As defined earlier, traditional assessment generally refers to written testing, such as multiple choice, matching, true/false, fill in the blank, etc. Written assessments must typically be completed within a specific amount of time. There is a single, correct response for each item. The assessment, or test, assumes that all students should learn the same thing, and relies on rote memorization of facts. Responses are often machine scored, and offer little opportunity for a demonstration of the thought processes characteristic of critical thinking skills.

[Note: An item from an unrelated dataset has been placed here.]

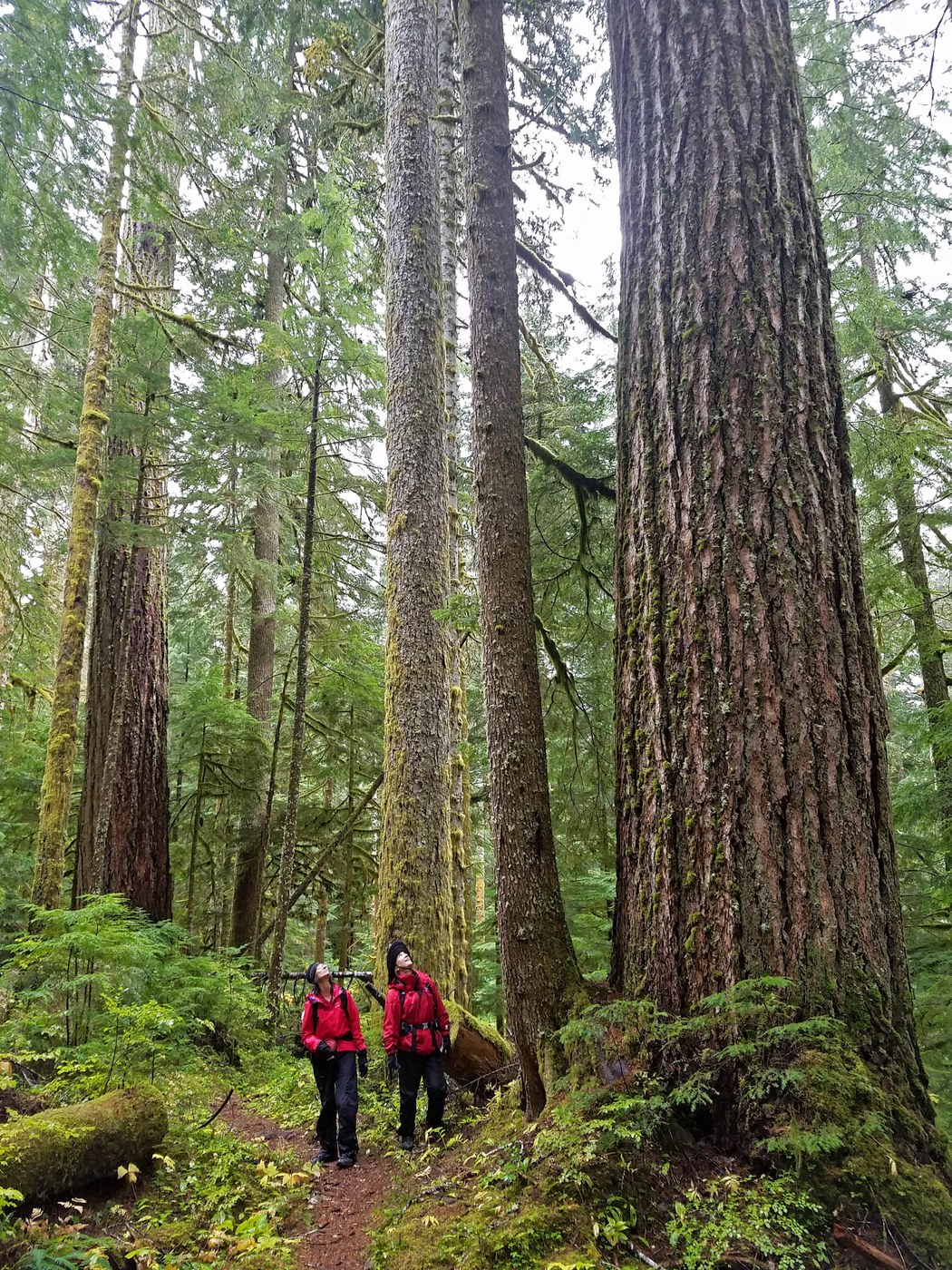 About 1/2 mile from the turnoff for Goldmyer Hot Springs the trail traverses a spectacular old growth Douglas Fir forest for a about 1/4 mile. There are dozens of huge tall handsome trees. This is one of the best groves that I've seen.

One shortcoming is that traditional assessment approaches are generally instructor centered, and that they measure performance against an empirical standard. In traditional assessment, fairly simple grading matrices such as shown in Figure 5-2 are used. The problem with this type of assessment has always been that a satisfactory grade for the first lesson may be an unsatisfactory on lesson number three.
Still, tests of this nature do have a place in the assessment hierarchy. Multiple choice, supply type, and other such tests are useful in assessing the student’s grasp of information, concepts, terms, processes, and rules—factual knowledge that forms the foundation needed for the student to advance to higher levels of learning.
Characteristics of a Good Written Assessment (Test)
Whether or not an instructor designs his or her own tests or uses commercially available test banks, it is important to know the components of an effective test. (Note: This section is intended to introduce basic concepts of written test design. Please see Appendix A for testing and test writing publications.)
A test is a set of questions, problems, or exercises intended to determine whether the student possesses a particular knowledge or skill. A test can consist of just one test item, but it usually consists of a number of test items. A test item measures a single objective, and calls for a single response. The test could be as simple as the correct answer to an essay question or as complex as completing a knowledge or practical test. Regardless of the underlying purpose, effective tests share certain characteristics. [Figure 5-3]
Reliability is the degree to which test results are consistent with repeated measurements. If identical measurements are obtained every time a certain instrument is applied to a certain dimension, the instrument is considered reliable. The reliability of a written test is judged by whether it gives consistent measurement to a particular individual or group. Keep in mind, though, that knowledge, skills, and understanding can improve with subsequent attempts at taking the same test, because the first test serves as a learning device.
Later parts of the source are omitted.